The bigger name on the market is Devin Lloyd of the Jacksonville Jaguars. Lloyd, 27, posted the second-highest PFF overall grade (89.1) among qualifying linebackers this past season and is the only linebacker in the NFL to finish with an 80-plus grade in run defense, coverage, and pass rushing simultaneously. FanSided’s Zach Koons and SI’s coverage both identified Lloyd as a genuine target for Carolina. He won’t be cheap — expect the market to settle somewhere around $15 million annually — but if Morgan is serious about defense, Lloyd is the kind of player who changes what a defense can do.
Bleacher Report also named Quay Walker, coming off a 128-tackle season in Green Bay before the Packers declined his fifth-year option, as another linebacker worth pursuing. Walker, 25, is younger and more affordable than Lloyd, and his in-the-box physicality could serve as a run-stuffing complement if the Panthers also invest in coverage skill at the position.
Offensive Line Depth: The Hidden Priority
Here’s what isn’t getting enough attention: the Panthers have five unrestricted free agents along the offensive line. Per the official Panthers free agent list, Austin Corbett, Yosh Nijman, Cade Mays, Brady Christensen, and Jake Curhan all hit the open market in March. Retaining all five is not realistic. Retaining the right two or three is absolutely essential.
Cade Mays is the most interesting decision. He stepped into the starting center role mid-season and performed well enough that Corbett shifted to right guard once healthy. Mays posted a 94.3 percent pass block win rate last season, ranking 20th among qualifying centers, per ESPN’s free agent team fits piece. Other teams are already circling him. Brady Christensen, who can play guard, center, or tackle in a pinch, provides the kind of depth versatility a coaching staff leans on when things go sideways — and with Ekwonu out, things are already sideways.
Cat Scratch Reader’s analysis suggests prioritizing Mays and Christensen among the interior depth options, with Nijman retained as the starting left tackle placeholder. That trio alone would consume a meaningful chunk of Carolina’s available space before they even start looking outside the building. Morgan will need to be surgical about which bets he makes and in what order he makes them.
The Bigger Picture
Carolina is no longer a team rebuilding in the abstract. They won the NFC South. They hosted a playoff game. Bryce Young threw for over 3,000 yards and managed the offense competently enough to justify the process. This is a real team with a real window — and the salary cap decisions made between now and the start of the 2026 season will go a long way toward determining how wide that window actually opens.

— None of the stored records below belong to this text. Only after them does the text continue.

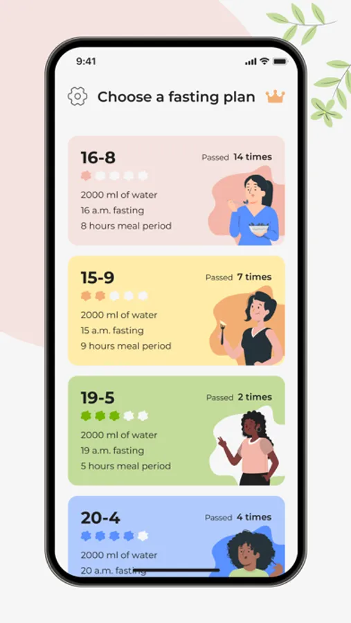 The BeSlim application will select the best fasting plan for you, keep track of water and your activity.
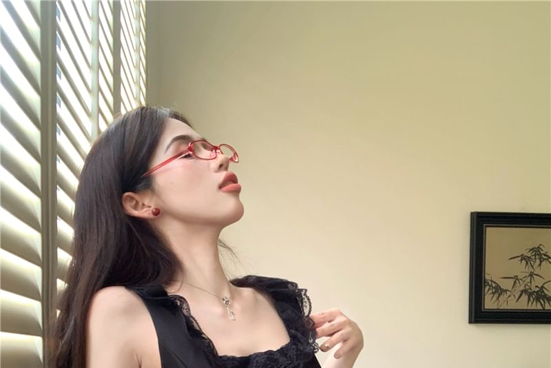 Frill Dotted / Plain Mini Neck Skirt Top Trim Square Sleeveless
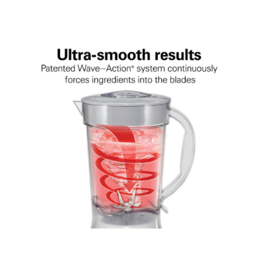The Hamilton Beach Smoothie Blender delivers ultra-smooth results every time you blend. With 650 watts of peak blending power and stainless steel Ice Sabre blades, you'll have all the power you need to crush ice and blend frozen fruit with ease.
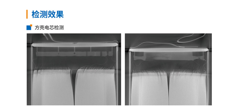 利用X射線的透視能力,從不同角度對電芯角位進行透射,并在平板探測器上成像,拍攝一系列不同角度的二維透視圖像,再通過三維重構軟件合成為高分辨率三維圖像數據,即可在任意位置、任意方向進行虛擬剖切觀測,然后結合智能化軟件算法在圖像上對電芯的OH進行分析判斷,主要用于新能源行業的動力疊片電池的OH檢測與質量控制。
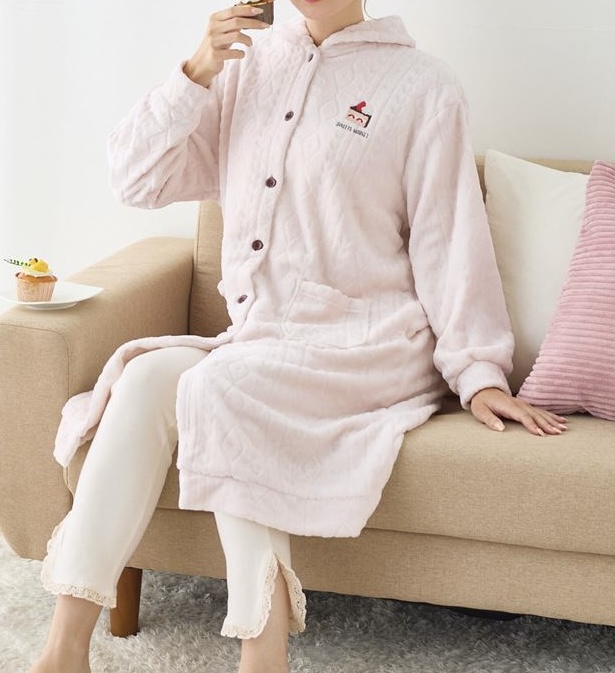 長丈のガウンタイプで前開きのため、冷え込む朝晩にパパッとラクに羽織ることができます⋆ ˚。⋆୨୧˚
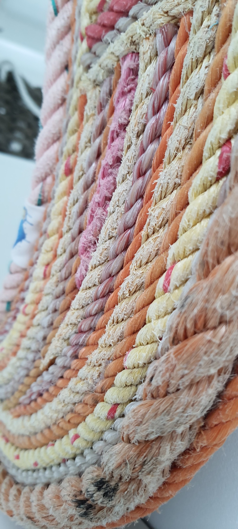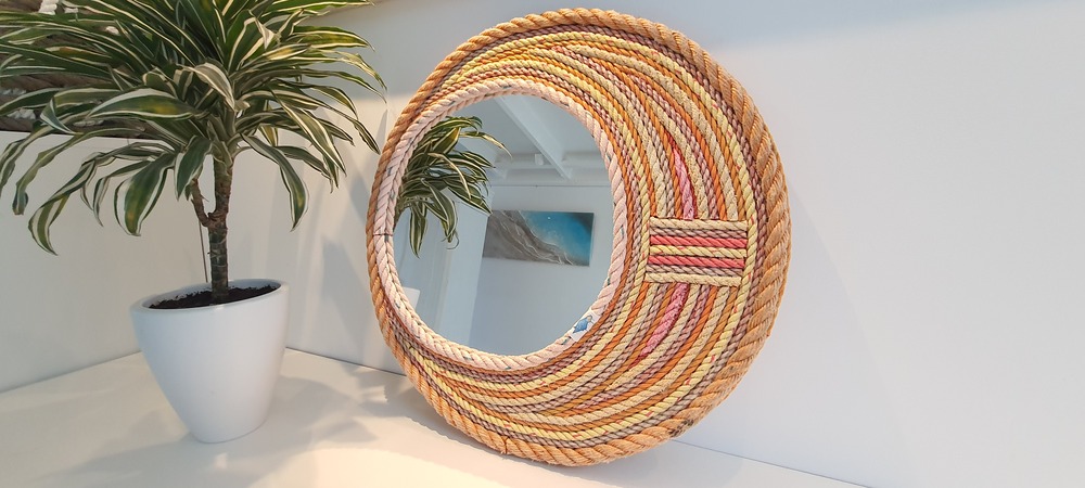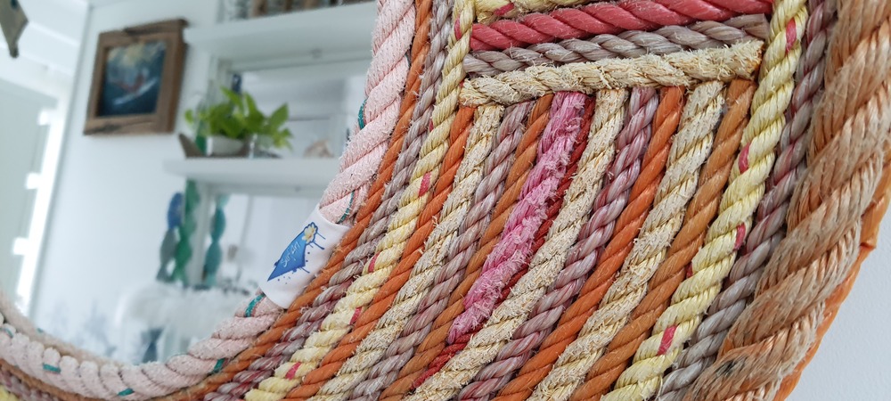 Ook deze spiegel is toch een plaatje. handgemaakt en gebruik gemaakt van gerecycled OceanTrash touw uit zee Vrolijke kleuren bij elkaar gezocht. Ca. Ø60cm Al het touw dat OceanTrash gebruikt is tweedehands, heeft in zee gelegen, is van het strand gejut. Elk product dat geleverd wordt is uniek, de spiegel zichtbaar op de foto is ook de spiegel die je thuis krijgt.
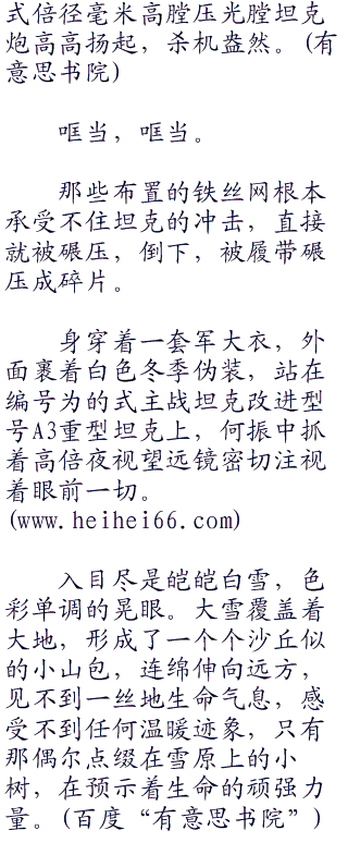 几十辆式主战坦克就这样出现了,仿佛从天儿降一般,出现在了外蒙的边防部队眼前,如同一头头崩腾咆哮的北极熊,在肆意的狂奔着,那些象征着边界线的铁丝网摧枯拉朽的就被推倒了。
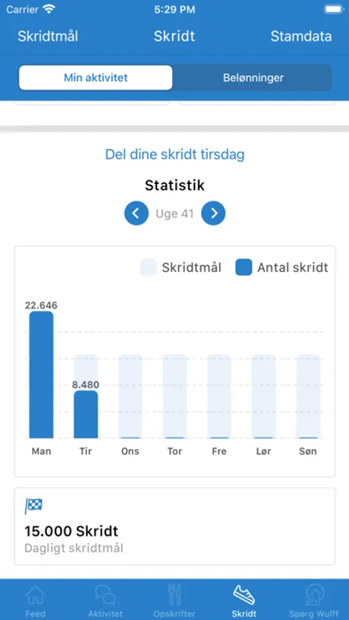 Man har også sin egen skridt funktion, herinde kan du konkurrer med de andre medlemmer og her er der lækre belønninger på højkant hver uge! Du kan følge din fremgang og udfordre dig selv med vores Start/stop funktion som tester hvor mange skridt du kan gå på tid. Det handler om at få pulsen op!
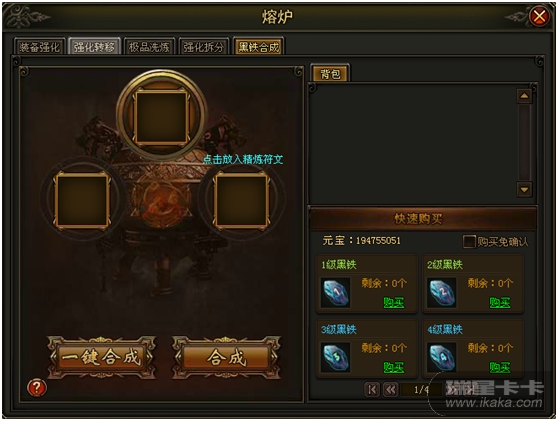 个同级黑铁合成至高一级的黑铁,使用精炼符文可提升合成成功率;
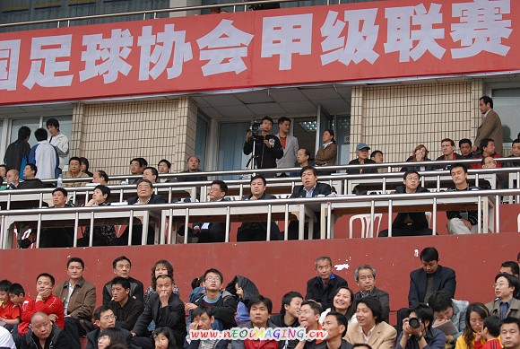 由南京理工大学的同学们和华旗集团南京分公司的球迷联手组成的“爱国者大学生”啦啦队气势丝毫不输主场球迷方阵。
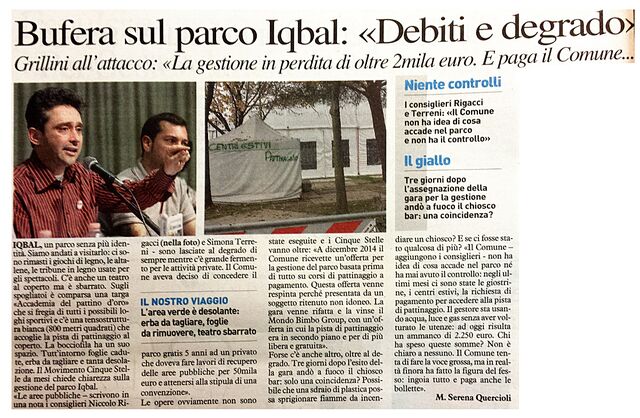Bufera sul parco Iqbal: Debiti e degrado - La Nazione, 14 novembre 2015
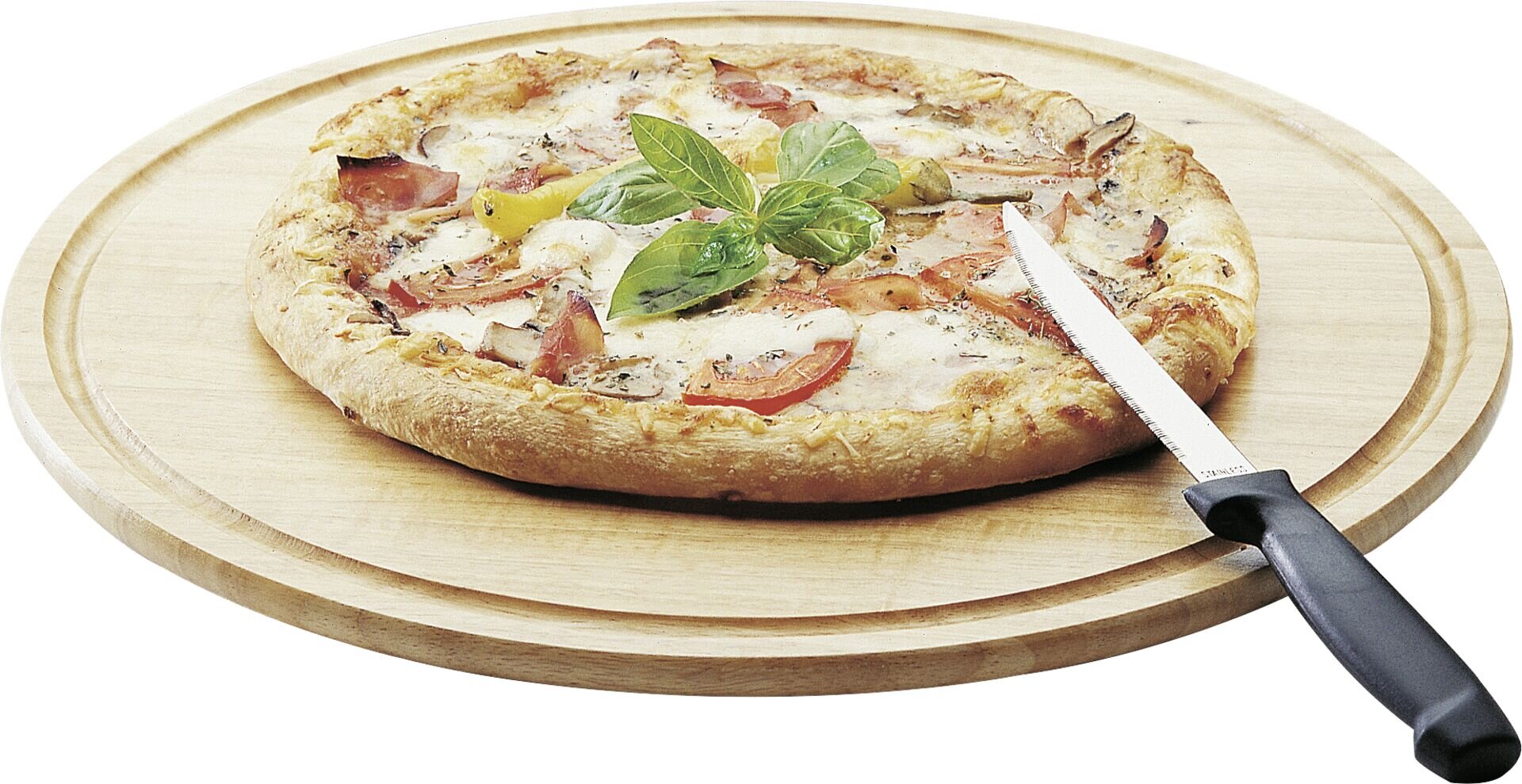 Hartholz, mit Saftrille, nicht spülmaschinengeeignet. Ideal als Servierbrett, Pizzateller oder Brotzeitteller.
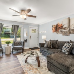 Updated home, with 2 car garage parking, 60-foot driveway, and public parking. The home was renovated in 2020, so it has updated carpet & flooring. Kitchen and bathrooms won’t disappoint! Comfortable sectional! Cards and game options available. Spacious backyard, with fence!
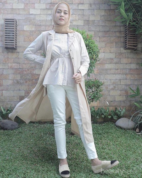 Nah, untuk kali ini Nina Zatulini memakai setelan baju formal namun tetap elegan. Agar pakaian tidak kosong atau terlihat menarik, kamu dapat memakai long outer sebagai pelengkap baju atasan kamu. Nina Zatulini memakai long outer berkerah berwarna nude, kemeja putih, celana panjang putih, hijab berwarna cokelat muda yang selaras dengan warna long outer, serta sepatu kekinian gaya anak muda dengan model Espadrilles.
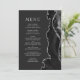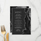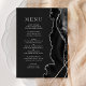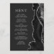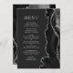 En el extremo derecho de este elegante y moderno menú boda se incluye una barra acuática negra bordeada por un falso purpurina plateado. El texto del personalizable combina el serif romano gris plateado y fuentes de copperplate en un fondo no negro. El reverso presenta un diseño de ágata negro y plateado a juego.

The framework isn’t complicated. Restructure Horn to create breathing room. Pursue Devin Lloyd or Nick Chenal at linebacker. Target an offensive tackle in the first round of the draft. Re-sign Nijman and Christensen as low-cost depth anchors. And be willing to cut players who are no longer serving their contract value, even when it stings.
Morgan has made two consecutive offseasons look manageable when they probably shouldn’t have been. The third one is harder. The margin for error is smaller. And the team is good enough now that getting it wrong would actually hurt.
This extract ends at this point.